La construction des lignes : la main d'oeuvre.

J'ai très peu de renseignements sur les hommes qui ont construit les lignes du tramway. C'est vrai que la main d'oeuvre a du être moins importante que pour la construction d'une ligne de chemin de fer classique ; les six lignes des TTG étaient en majorité construites en bordure de route :  un simple décapage de macadam sur 35 cm de profondeur, la pose de ballast ou de mâchefer et la voie était posée, sauf dans les zones inondables (ou l'entre rail était pavé) et la traversée des villes et villages.  Mais sur la ligne 6, il y a eu des ouvrages d'art (ponts, tunnels) et des parties de lignes en site propre qu'il a bien fallu aménager, nécessitant donc une main d'oeuvre plus importante . L'examen attentif des photos de la construction du tunnel de Castelsagrat m'a poussé à y réfléchir. J'ai à ma disposition deux ouvrages "Les piqués de l'aigle" de Claude Harmelle une étude sociologique sur Saint Antonin Noble Val et sa région qui traite en profondeur de la construction de la ligne Montauban au Lot au milieu du XIX ème siècle ; deuxième ouvrage "Cahors-Moissac une ligne ferroviaire oubliée 1920-1930" de Paul Dausse qui retrace l'épopée de la construction de cette ligne jamais achevée. Le mérite de ces deux ouvrages est qu'il laisse une grande place aux hommes qui ont travaillé sur ces deux chantiers, l'un bien avant la construction des TTG et l'autre après.

Les chantiers de construction de voies ferrées apportent du travail dans les campagnes tarn et garonnaises où de nombreux hommes sont sous employés. Claude Harmelle écrit : "... le Courrier du Tarn et Garonne parle de 575 employés, en ce moment (mai 1855) aux travaux du chemin de fer dans le canton de St Antonin ; et un  mois plus tard le chiffre s'élève à 848 ! Sur ce total, tous ne sont  pas étrangers au pays : l'attrait des salaires de 2.50 F à 3 F par jour pour les terrassiers est vif pour une population laborieuse mal rémunérée." Beaucoup d'hommes de St Antonin, peu qualifiés seront embauchés comme terrassiers, mais on emploiera aussi des tailleurs de pierres, maçons, charpentiers, mais aussi des charretiers et rouliers...

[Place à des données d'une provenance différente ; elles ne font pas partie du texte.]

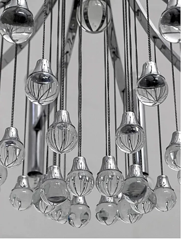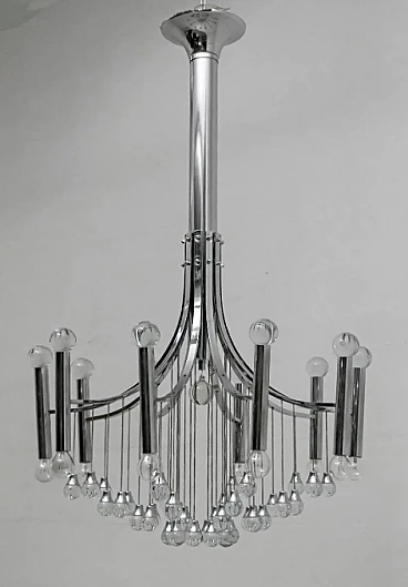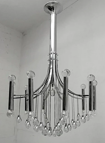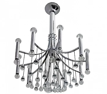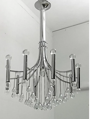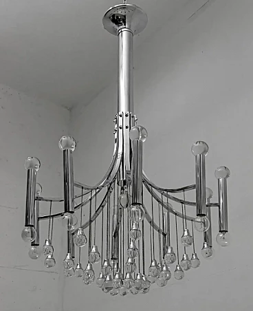 Glass and chrome chandelier by Gaetano Sciolari, 1970s
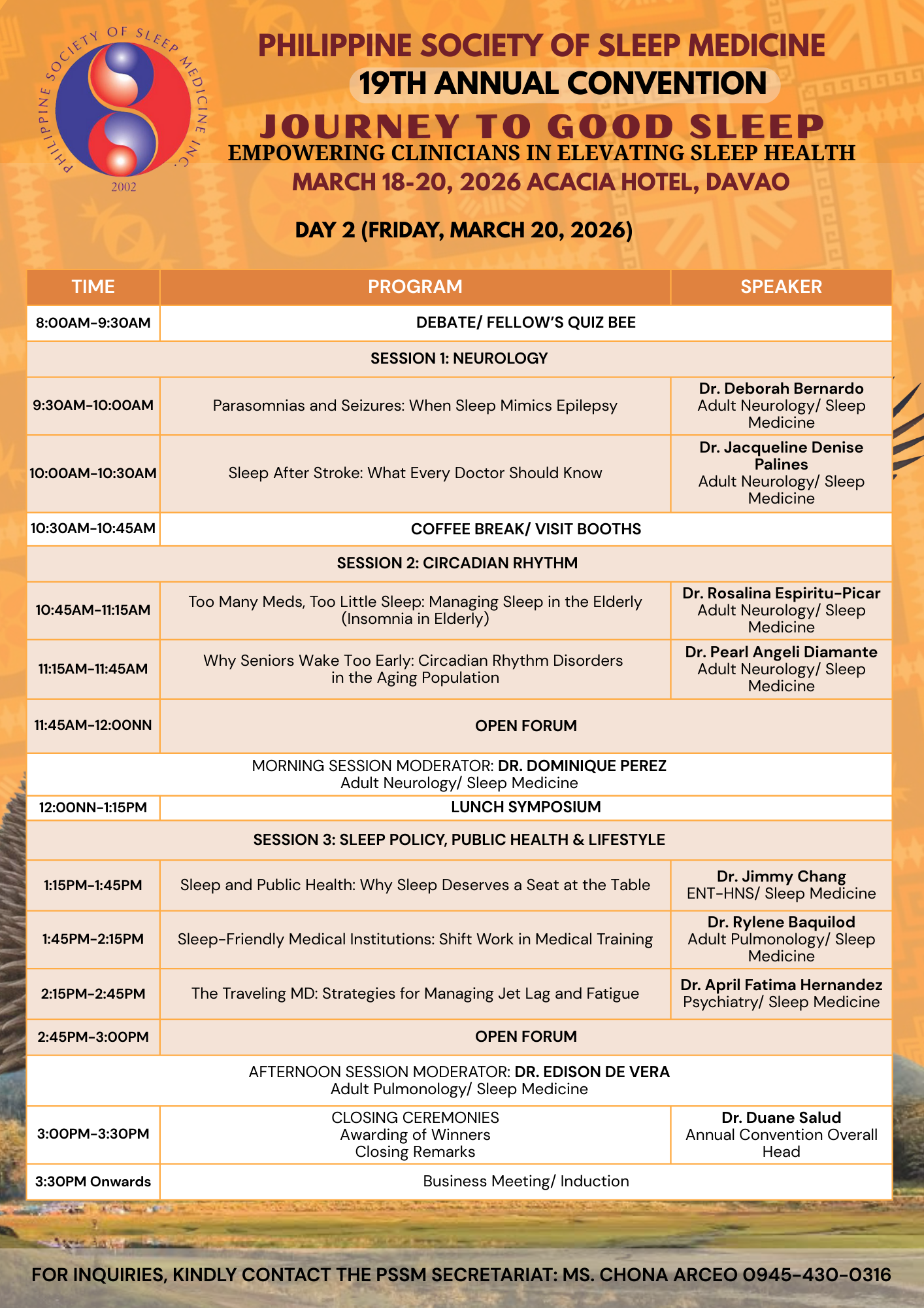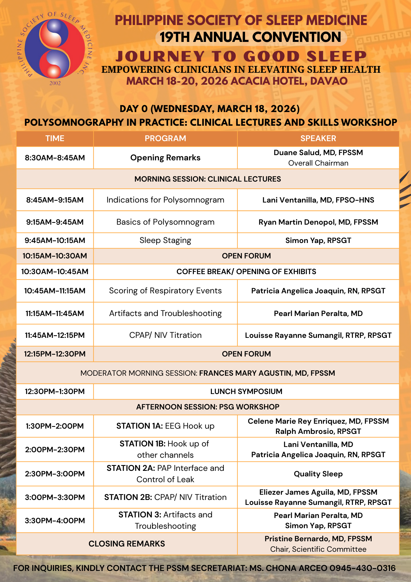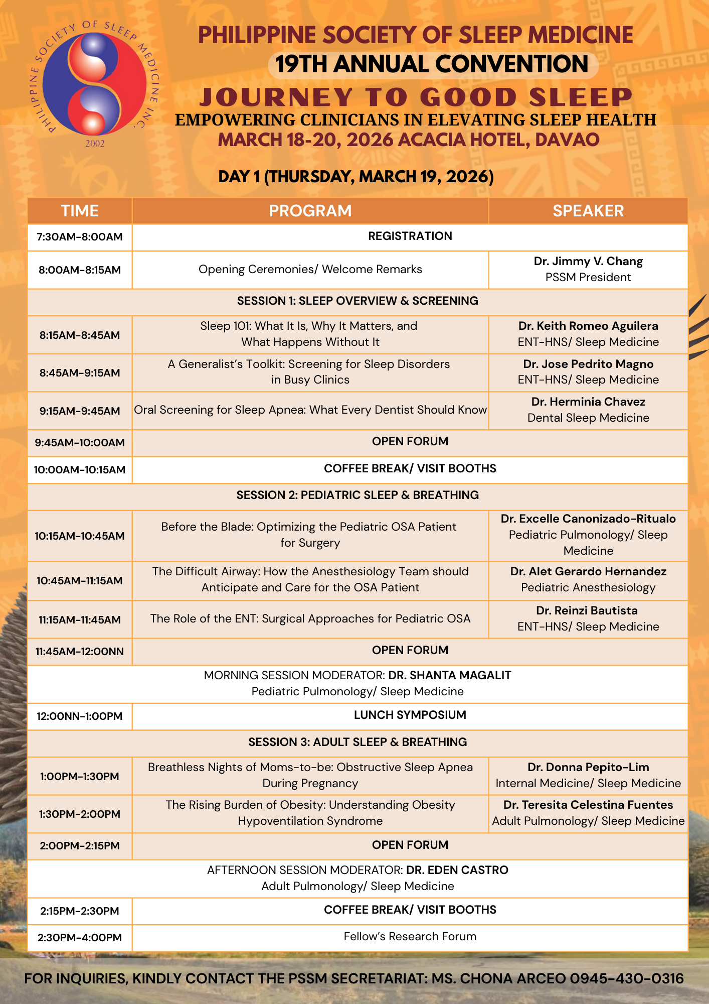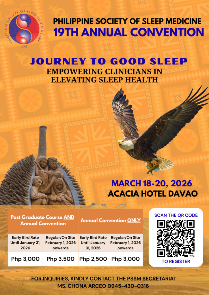 Guided by the Society’s mission of improving sleep health in the Philippines by educating professionals on sleep disorders, the PSSM focuses on the significant role clinicians play in addressing the nation’s sleep crisis in the PSSM 19th Annual Convention with the theme “Journey to Good Sleep, Empowering Clinicians in Elevating Sleep Health,” happening on 18-20 March 2026 at the Acacia Hotel, Davao City.

Un train venant de Lexos va traverser le tunnel de Saint Antonin puis arriver à la gare. Remarquer le gabarit du tunnel creusé pour la double voie.

"Mais l'essentiel de la main d'oeuvre la plus qualifiée est une population nomade, qui a travaillé sur d'autres chantiers... et qui se déplace au fur et à mesure des ouvertures de tracés(1). Le Courrier du Tarn et Garonne écrit : cent ouvriers belges, enfants et jeunes filles, viennent d'arriver dans nos contrées dans l'espoir dans l'espoir de prendre part aux travaux de creusement du chemin de fer section de Montricoux à Montauban."


Le tunnel du rocher de Bonne. Il a fallu creuser six tunnels entre Montauban et Lexos. Remarquer que la place de la deuxième voie est occupée par un chemin piétonnier qui a l'air bien utilisé....

Conséquence inévitable pour la vie du village : "Cet important brassage de population provoque une croissance remarquable des mariages.." et par conséquence sur la natalité. "Mais tout n'est pas rose dans ce bilan et les accidents du travail sont nombreux sur ces chantiers à la technique et à l'outillage rudimentaires. La longueur et le rythme des journées de travail, la hâte des entrepreneurs, l'alcoolisme qui parait répandu sur les chantiers, augmentant les risques physiques et concourent sans doute à la poussée de la mortalité qui est remarquable dans toutes les localités traversées par la voie. En 1856, deux forts éboulements de roches font six morts entre Najac et Monteils, et en 1857, un autre éboulement fait 17 morts près d'Aubin..."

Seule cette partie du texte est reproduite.